Claim 8: Mentions a process where the binder is a methacrylic acid copolymer having an average molecular weight between 50,000 and 150,000. This provides a specific molecular weight range for a particular type of binder.

These dependent claims, while adding specificity, ultimately fall under the umbrella of the process described in Claim 1. They define specific embodiments or preferred aspects of the patented method.

What is the intended therapeutic use of the patented compound?

The patent explicitly states the compound is triamcinolone acetonide. Triamcinolone acetonide is a synthetic corticosteroid with potent anti-inflammatory, immunosuppressive, and anti-allergic properties. In its sustained-release oral dosage form, it would typically be used to treat a variety of inflammatory and allergic conditions where prolonged corticosteroid action is desired. These conditions can include:

Rheumatoid arthritis and other inflammatory joint diseases.
Asthma and severe allergic rhinitis.
Dermatological conditions like severe eczema and psoriasis.
Gastrointestinal inflammatory diseases such as Crohn's disease and ulcerative colitis.
Certain blood disorders and autoimmune diseases.

The sustained-release formulation aims to provide a more consistent therapeutic effect and potentially reduce the frequency of dosing compared to immediate-release formulations, thereby improving patient compliance and managing side effects.

What is the patent expiration and status?

U.S. Patent 4,166,182 was granted on August 7, 1979.

Patent Term: Under the patent laws in effect at the time of its grant, the patent term was generally 17 years from the date of grant or 6 years from the date of issue, whichever was longer, for applications filed before June 8, 1971. For applications filed after this date, the term was generally 17 years from the date of grant. However, for applications filed between June 8, 1971, and June 7, 1978, a transitional 20-year patent term was introduced, which became fully effective for patents granted after December 12, 1980.

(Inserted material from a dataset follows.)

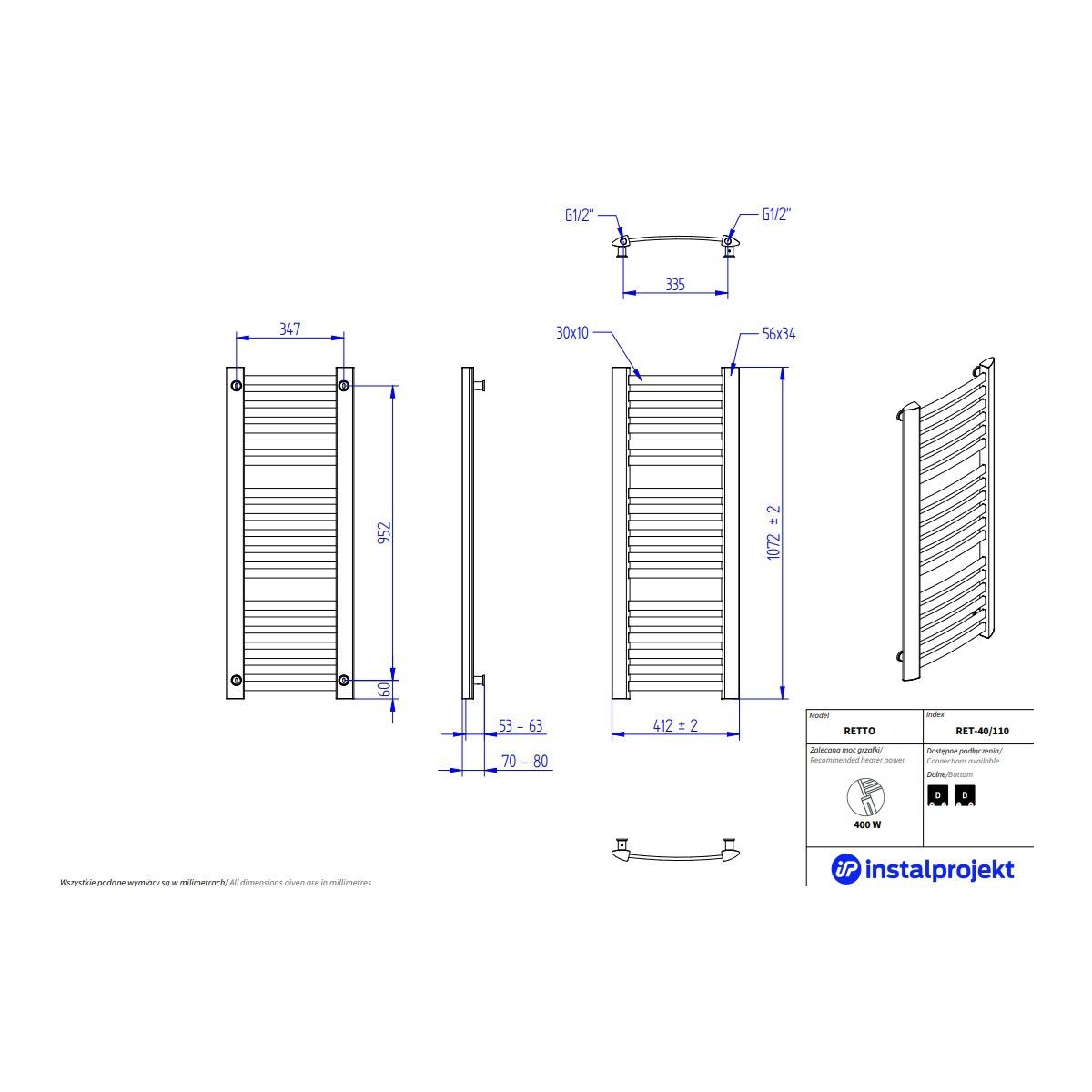 Spezielle Ventilgarnitur für RETTO-Heizkörper, geeignet für die Montage in Anlagen mit Unterversorgung. Die rechte Version ist für die Versorgung vom linken Kollektor vorgesehen (und umgekehrt). Möglichkeit der Montage eines elektrischen Heizelements im Rücklaufverteiler. Das Set ermöglicht eine präzise Temperaturregelung und einen zuverlässigen Betrieb bei hohen Temperaturen und hohem Druck.

Given the grant date of August 7, 1979, U.S. Patent 4,166,182 would have been subject to patent term calculations that could extend to 20 years from the filing date (approximately 17 years from grant). The application filing date is not explicitly provided in the public patent record readily accessible. However, assuming a typical prosecution period, the patent would have expired well before the present day. For instance, a 17-year term from grant would have expired in 1996. Even with potential patent term extensions, it is highly unlikely to be in force today.
Current Status: U.S. Patent 4,166,182 is expired. Patents are granted for a fixed term, and once that term concludes, the invention enters the public domain. As this patent was granted in 1979, its statutory term has long since concluded. There are no public records indicating any post-grant maintenance challenges or successful reexamination proceedings that would alter its expired status.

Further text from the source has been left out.